I've encountered an interesting question that involves proving the limit of a function of the aforementioned nature. Namely, I have been asked to prove
$\lim \limits_{x \to 1^+}$ $\sqrt(x^3-1)=0$
With my basic knowledge of how to prove similar questions, I have attempted to prove the above by expressing the RHS in terms of $\delta$. However, I have run into a snag whilst doing so. I would like MSE's advice on how to circumvent this issue.
Here's my attempt:
For any $\epsilon >0$, we need to find a $\delta >0$ so that:
$ 1< x <1+\delta \implies \vert\sqrt(x^3-1) \vert<\epsilon$
Considering RHS:
$\vert\sqrt(x^3-1) \vert $ =$ |x^3-1| \over \vert\sqrt(x^3-1) \vert$ = $ |x-1||x^2+x+1| \over \vert\sqrt(x^3-1) \vert$ < $|x-1||(x-1)(x-2)+3|$
(The last inequality has been asserted on the basis of the fact that $\vert\sqrt(x^3-1) \vert $>1)
$|x-1||(x-1)(x-2)+3|$ < $|x-1| (|x-1|+|(x-2)+3|)$
Here, I have applied the triangle inequality. My aim is to express the inequality in terms of $\delta$.
However, I now realize that this application is incorrect. Thus, how else could I go about with this proof? Is there some other way we can squeeze $\delta$ out?
Thank you.
See, it is not a sin to work backwards, as long as your answer is correct in the end.

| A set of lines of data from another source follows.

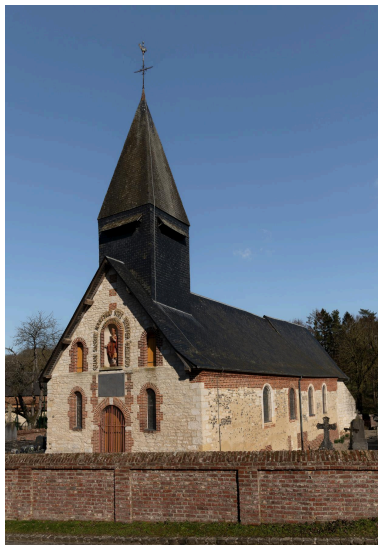
Vue générale de l'église depuis le sud-ouest. IVR32_20236000161NUCA
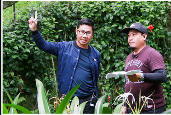
DIRECTOR & D.O.P
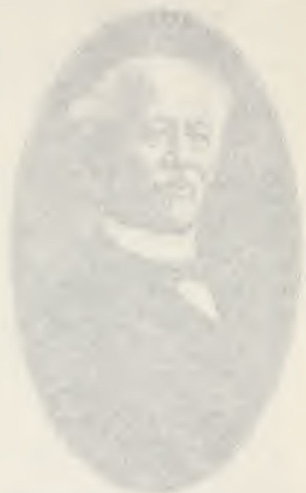
Portrait of [Name] [Title]
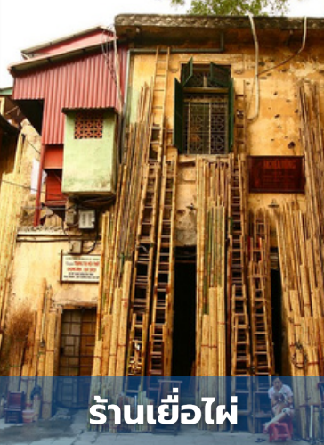
ร้านเยื่อไผ่
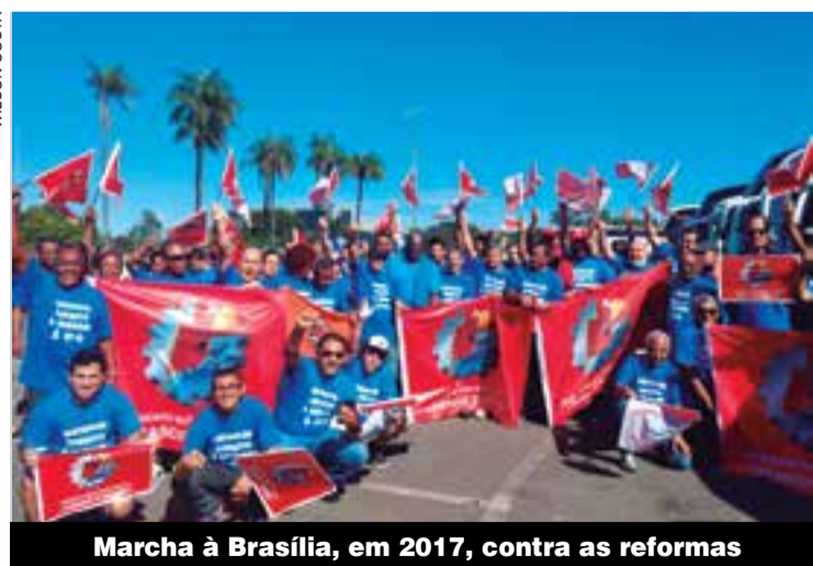
Marcha à Brasília, em 2017, contra as reformas

Companheiros da Prodec, Arbame, AZZ e Intermed saíram vitoriosos da negociação, estão com o reajuste e Convenção garantidos P.3
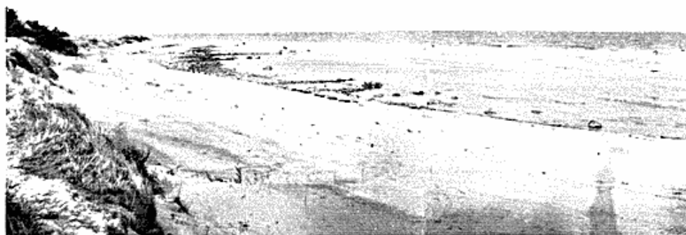
Fig. 8. Vestenden af afsnit IV. I baggrunden ses roden af den afspærrende revle med retning mod Hornbæk, inden for den ses et lavvandet felt med sandbund. Nærmest pynten i baggrunden (punkt IV/V) består havbunden af sten, men på land er der sandstrand. 22. 11. 62, foto 4220-21.

Fig. 8. The western end of section IV. In the background the basis of the separating bar with direction towards Hornbæk. Inside it, a shallow zone with sand bottom. Nearest the promontory in the background (point IV/V), the sea floor consists of stones, whereas there is a sand beach on land. 22. 11. 62. photo 4220-21.
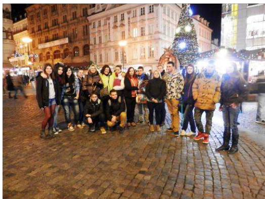
Vánoční výlet do Prahy
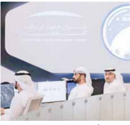
محمد بن راشد

مركز محمد بن راشد للفضاء، للتحقق من عمل المستكشف، وذلك بعد عملية فحص جميع الأنظمة للتأكد من صحة المستكشف راشد، والتي استغرقت نحو ساعتين، حيث تم تأكيد عمل المستكشف بفعالية تامة، واستعداده لبدا المرحلة الثانية وهي مرحلة الملاحة التي تستمر لمدة ٤ أشهر. ولتق فريق مركز التحكم بالمهام الفضائية، في مركز محمد بن راشد للفضاء، حزمة من البيانات لكل ٣٠ ثانية، ما أوضح عمل الأنظمة بفعالية تامة، أعقب ذلك قراءة حرارة الأنظمة والتي كشفت عن صحة أنظمة المستكشف، وتم الانتهاء من العملية، التي استغرقت قرابة ساعتين، بفحص حالة البطارية التي تبين بانها مشحونة بنسبة ٧٨٪ حيث تم توجيه طلب بإعادة شحن المستكشف بالاستعانة بطاقة مركبة الهبوط، ومن المقرر أن يهبب المستكشف الفضائي الإماراتي «راشد» على سطح القمر، في أبريل ٢٠٢٢، حيث يحمل مركبة الهبوط الباهائية «هاكتورز» آره، على متن صاروخ الإطلاق «سيبس إسكس فالكون تسعة».
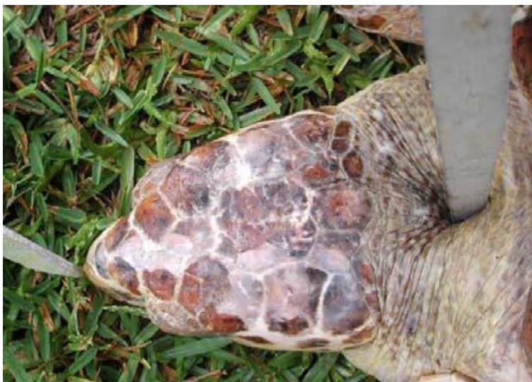
Slika 8. Mjerenje duljine glave (WYNEKEN, 2001.)

Širinu glave (HW) mjerimo pomičnim mjerilom na najširem dijelu glave, odnosno ovisno o vrsti na kranijalnom dijelu čeljusti ili na kaudalnom dijelu glave.
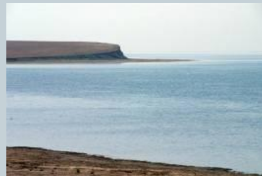
Озеро Маныч-Гудило, одно из водно-болотных угодий России
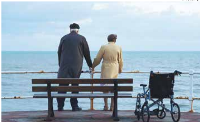
A GRANDE FUGA - Um veterano de guerra foge da casa de repouso em que vive para celebrar o 70º aniversário do Dia D, na Normandia.
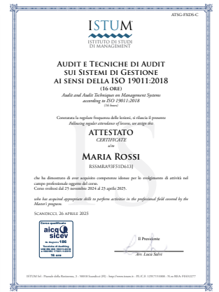
Audit e Tecniche di audit sui Sistemi di Gestione ai sensi della ISO 19011:2018 (16 ore)
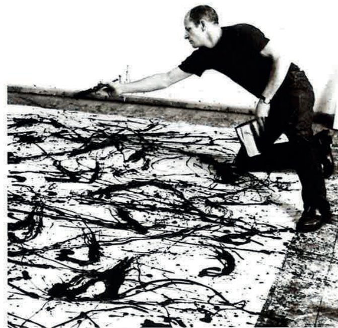
Dette fotografiet viser hvordan Pollock likte å male på store lerreter som lå flatt på gulvet.

Lenker til nettsider der du kan se flere bilder av Pollock og se en film av ham mens han arbeider, finner du på www.usborne-quicklinks.com
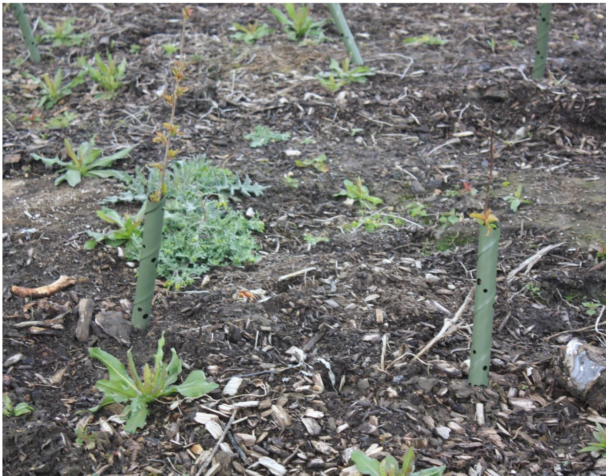
Figure 5 : Jeunes plantes avec revêtement antifeedant

Pour contrer la prolifération des herbes, des disques de fibres de noix de coco sont placés autour des buissons. Ceux-ci réduisent la perte d'humidité du sol et le risque de prolifération. Après environ 2 ans, les anneaux de protection se décomposent et sont complètement dégradés écologiquement.
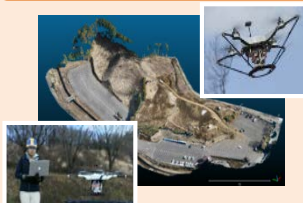
現況地形の 3次元点群データ化
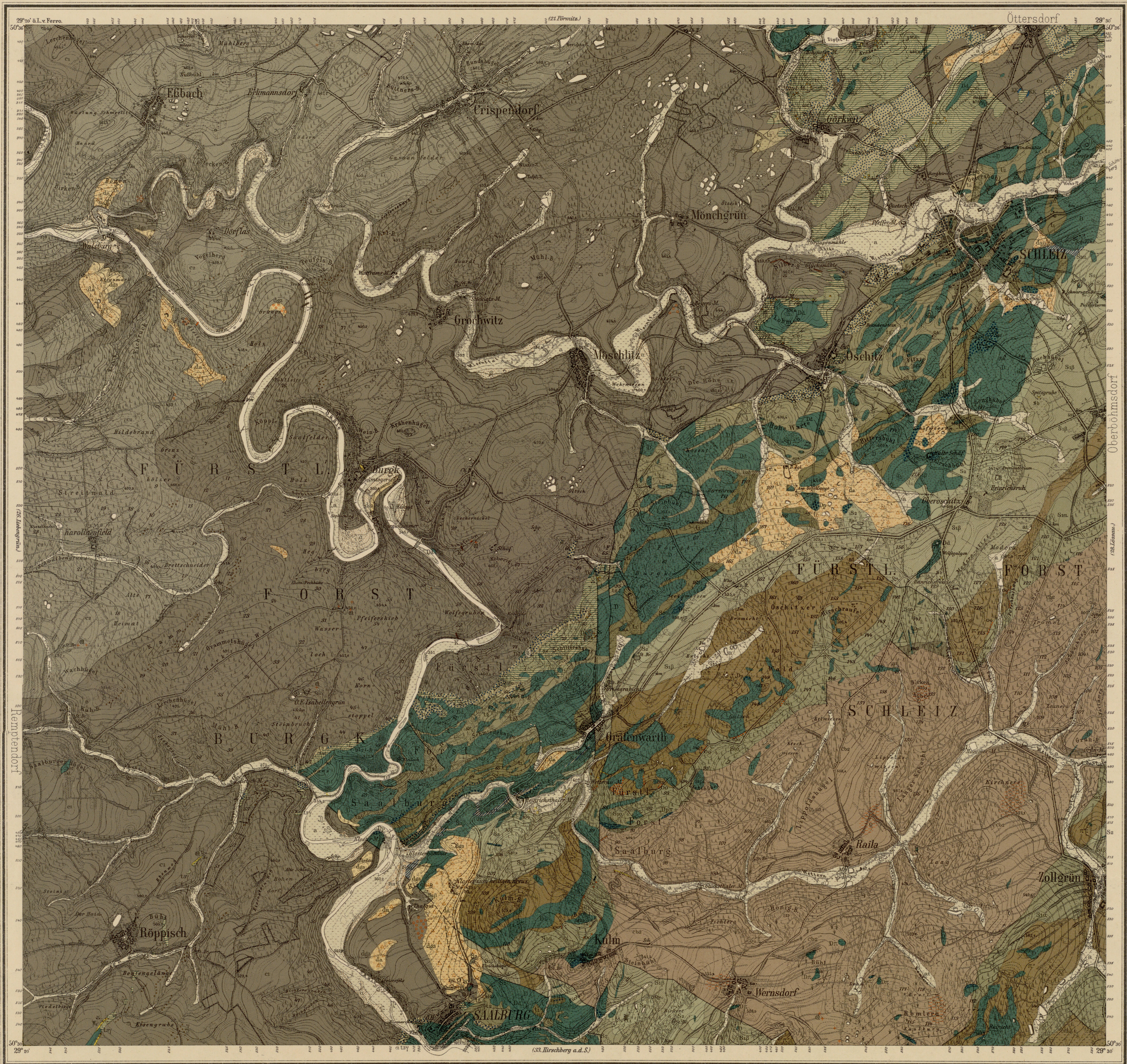
Topogr. Aufnahme des kgl. Preuß. Generalstabes 1907. Herausgegeben von der kgl. Preuß. Geol. Landesanstalt 1912. Lieferung 181.
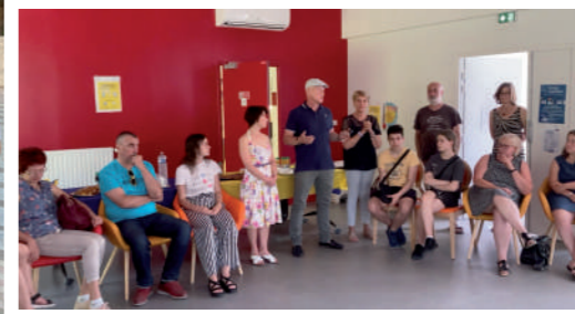
♦ Juin 2022 - Accueil des familles ukrainiennes.
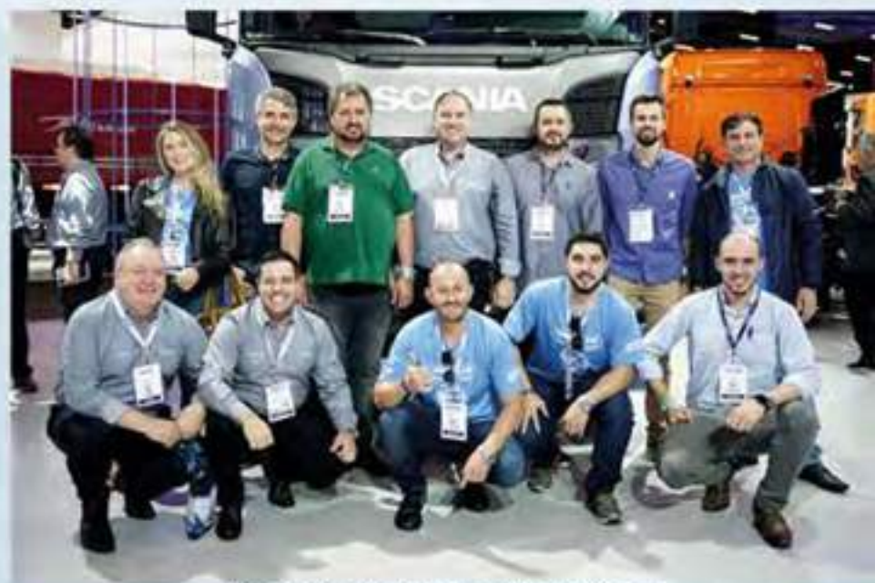
Clientes da Brasdiesel no Stand da Scania

Confira a galeria de imagens dos clientes que estiveram presentes neste grande evento.
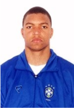
Nelson de Jesus Sliva (Dida)
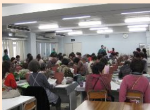
各会場とも大人気

天王寺区では、寄せ植え講習会を区内在住の方々幅広く受講してもらえるように、毎年12月、4ヶ所の会場で開催しています。定員は各会場70名で、合計300名近い人が緑化講習を受けることができます。寄せ植えのデザインから材料選び、講師(グリーンコーディネーターの中で選出)に至るまで、すべて『グリーンリー天王寺』の定例会で決定し、当日の講習会のお手伝いは『グリーンリー天王寺』のメンバーでやります。

Note that: $$ \sqrt{x^3-1} < \epsilon \iff x^3 < \epsilon^2 + 1 \iff x < \sqrt[3]{\epsilon^2+1} $$
Now, scratch out what I wrote earlier, and start:
Let $\delta = \sqrt[3]{\epsilon^2+1} - 1$, then $\delta > 0$.Furthermore, $$ x < 1 + \delta \implies x < \sqrt[3]{\epsilon^2+1} \implies \sqrt{x^3-1} < \epsilon $$
Thus, we found our $\delta$, proving the proposition. Don't be afraid to work backwards, it works (and don't reveal it, make the $\delta$ come by magic).